Stream of Consciousness
Let you write down everything that resides in your head. Only you know it...
It's been quite some time since my last lengthy entry here, but this constant, boundless rush of life not only steals precious hours of sleep but also drains my inspiration.
This time for reflection is perhaps what I value most in life, as my soul resides somewhere on the border of Romanticism and the interwar period.
I arrived at these conclusions, in truth, by returning to my favorite novel, namely "Ferdydurke" by Witold Gombrowicz.
You should know that I do not have the nature of a reader. I almost despise the written word, even though I create it in abundance.
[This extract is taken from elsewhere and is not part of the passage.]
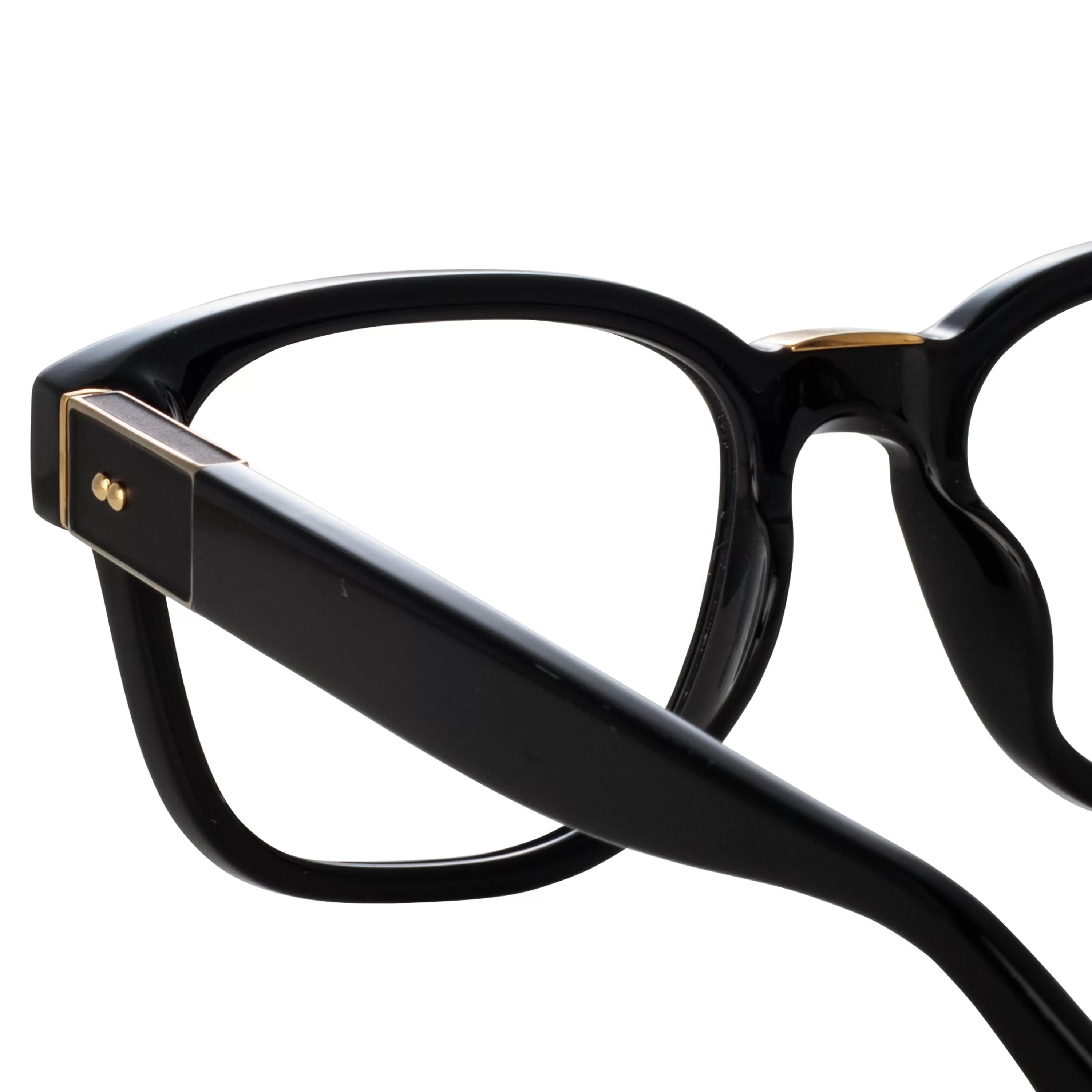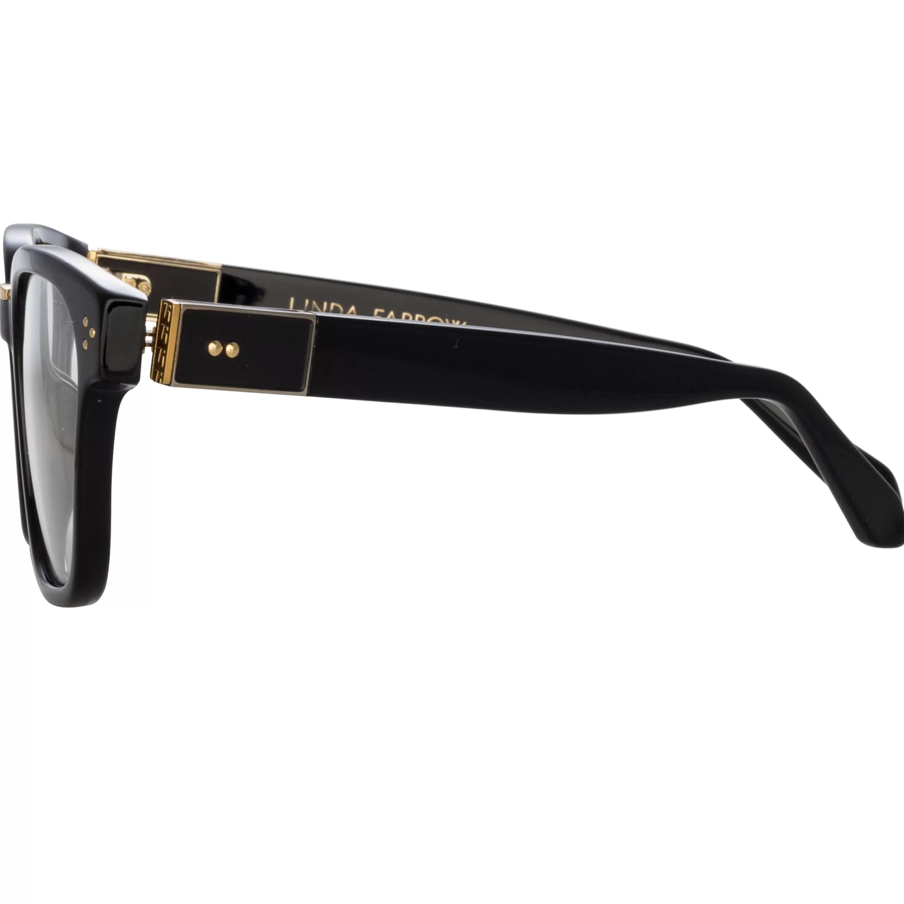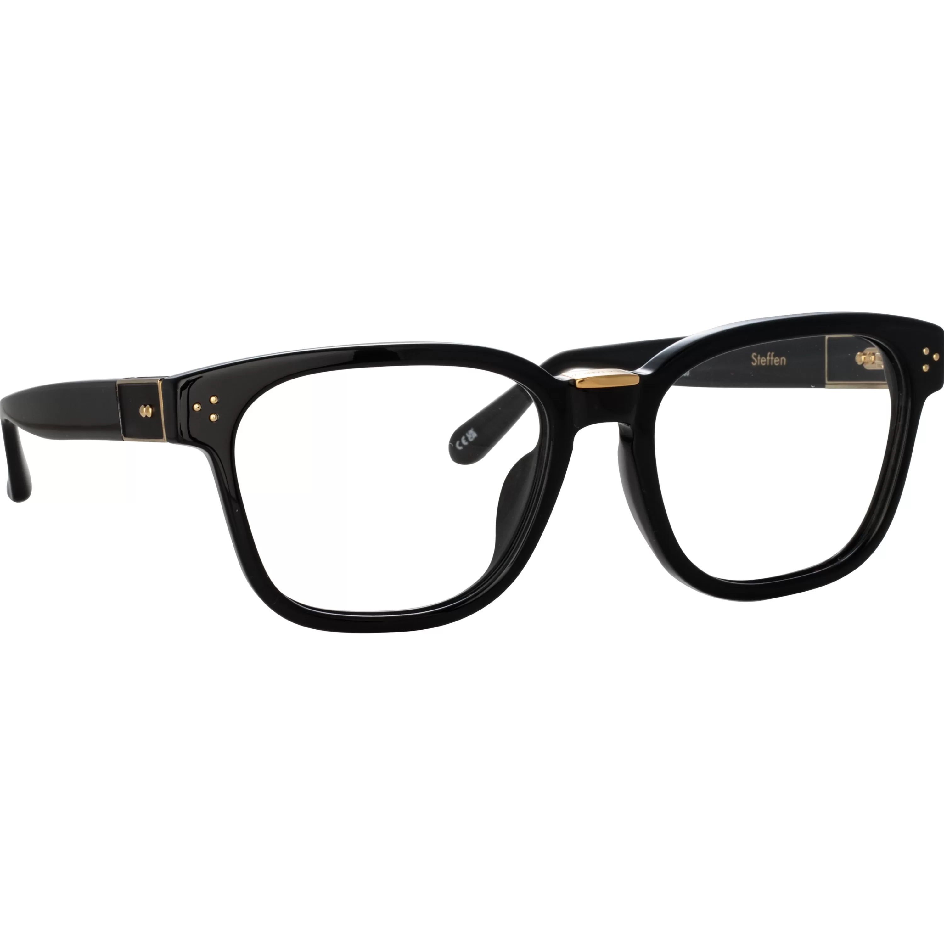 Introducing the Steffen optical frame, LINDA FARROW’s take on the classic D-frame. Sculpted from black acetate, the beveled acetate temples transition into sculpted tips finished with inset gold plated highlights.

For me, it is too slow compared to today's relentlessly speeding world.
I must always be, do, create, shape, and connect seemingly disordered parts into pure poetry, and even these parts consist of equally mismatched and disordered components.
This fragment of my soul, inspired by the beauty of Adam Mickiewicz's Crimean Sonnets, longs to escape from this relentless race, from this constant chase. To stop time, get on the first available train, and depart into the unknown.
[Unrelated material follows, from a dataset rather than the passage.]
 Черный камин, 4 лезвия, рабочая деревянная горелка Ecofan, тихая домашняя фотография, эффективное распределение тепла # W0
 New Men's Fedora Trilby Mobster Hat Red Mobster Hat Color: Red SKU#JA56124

Yet, I am here, surrounded by numerous glowing rectangles that continually tempt me with advertisements for new products, which I seemingly lack so much in life.
Happiness does not make writing any easier, and honestly, I have never lived so well. Never before has the air been so light and saturated with optimism as it is today.
You probably think I'm writing nonsense since I constantly complain about the difficulty of writing in this text, yet I am creating something extraordinary.
One could say it's a stream of consciousness, gathering all my disorganized thoughts in one place into something that seems orderly at first glance but is incomplete deep within.
Creating something out of ubiquitous nothingness.
Is this not what life is about?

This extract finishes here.